**Exercise requirements**
If pictures appear, leave them out, and return exactly the lines from the one holding "Общая оценка состояния" through the last line of the listing below.

**Collected data**

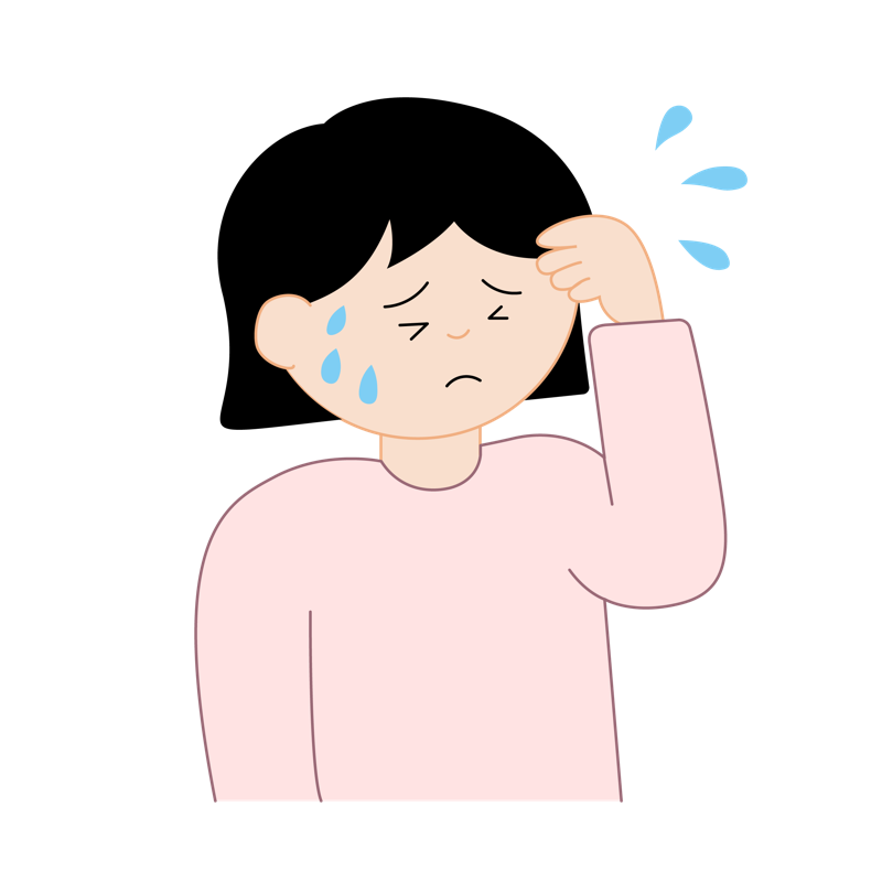 不安な表情で冷や汗を流し、頭を押さえて困っている女性のイラストセットです。カラー、モノクロ、主線なしの3パターンを収録しており、用途に合わせて選択可能です。メンタルヘルス、ストレス、パニック障害、自律神経の乱れ、更年期障害のホットフラッシュなどの医療・ヘルスケア分野に最適です。夏の暑さやトラブルへの焦り、悩み相談のアイキャッチにも活用いただけます。平仮名:じょせい,ふあん,あせり 片仮名:ストレス,パニック,バリエーション 英語:woman,anxiety,sweating,set
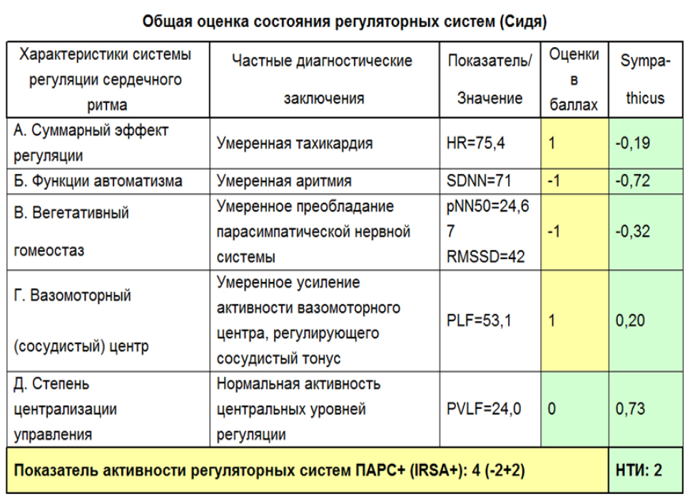Общая оценка состояния регуляторных систем на конечном этапе исследования в КГ свидетельствует о нестабильности состояния регуляторных систем. Наблюдается умеренная тахикардия, умеренная аритмия, преобладание парасимпатической активности, усиление активности вазомоторного центра (рис. 3). Это подтверждают необходимость применения физкультурно-оздоровительных занятий на уроках физической культуры с учетом ТВР.
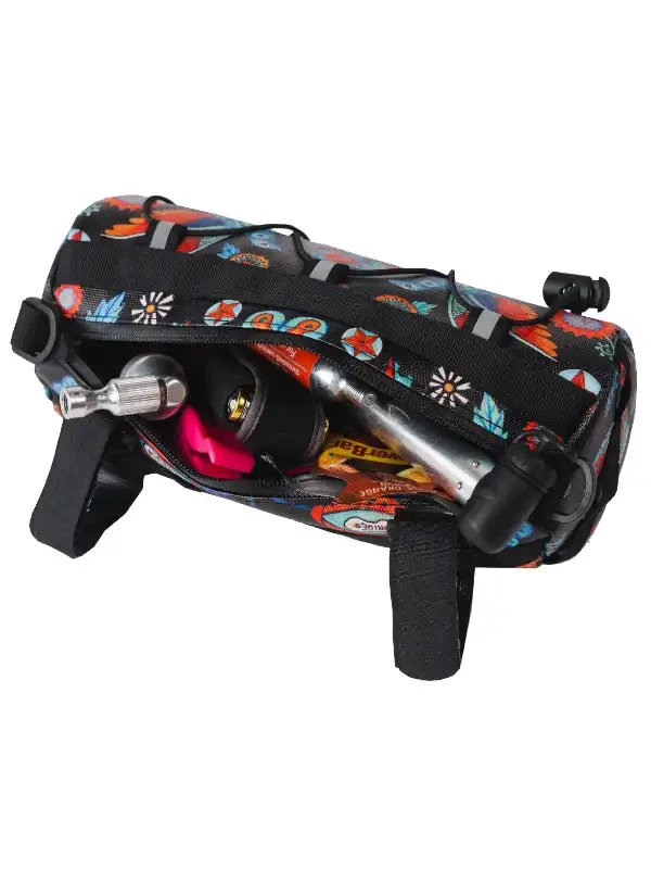 Offering a stylish and practical addition to your ride, our handlebar bag will keep all your riding essentials within arm’s reach. Easy to install by attaching to your handlebars and available in a variety of colours and original designs.

**Response below**
Общая оценка состояния регуляторных систем на конечном этапе исследования в КГ свидетельствует о нестабильности состояния регуляторных систем. Наблюдается умеренная тахикардия, умеренная аритмия, преобладание парасимпатической активности, усиление активности вазомоторного центра (рис. 3). Это подтверждают необходимость применения физкультурно-оздоровительных занятий на уроках физической культуры с учетом ТВР.
 Offering a stylish and practical addition to your ride, our handlebar bag will keep all your riding essentials within arm’s reach. Easy to install by attaching to your handlebars and available in a variety of colours and original designs.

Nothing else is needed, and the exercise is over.